What is the relationship between Plan B and University Hospitals of Cleveland?
Plan documents reference University Hospitals of Cleveland in the context of participant transfers between the two institutions. Employment transitions between CWRU and the hospital system can trigger specific plan provisions. The exact nature of the arrangement — whether a reciprocity agreement, prior corporate affiliation, or shared historical sponsorship — is not detailed in publicly available documents.
Does the plan publish its investment portfolio or asset allocation?

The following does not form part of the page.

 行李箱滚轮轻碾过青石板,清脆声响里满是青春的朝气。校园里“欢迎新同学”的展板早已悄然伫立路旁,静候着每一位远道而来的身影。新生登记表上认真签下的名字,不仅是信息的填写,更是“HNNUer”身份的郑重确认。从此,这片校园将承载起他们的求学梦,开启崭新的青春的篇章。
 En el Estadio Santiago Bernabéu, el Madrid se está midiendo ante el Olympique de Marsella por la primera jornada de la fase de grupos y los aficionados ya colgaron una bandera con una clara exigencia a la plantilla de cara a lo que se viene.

No. Case Western Reserve University does not publicly disclose the investment portfolio, asset allocation, external manager roster, or funding ratio for Plan B. The plan does not appear in public pension investment board minutes, as private university retirement plans are generally exempt from state-level public-records requirements that apply to public employee pension systems.
What interest rate does the plan guarantee on contributions?
The plan guarantees a minimum interest rate on plan contributions, compounded annually. The specific rate is not permanently fixed in public plan summaries — it may adjust periodically per plan rules or actuarial assumptions. Participants should consult current plan documents or the CWRU benefits office for the applicable rate in a given plan year.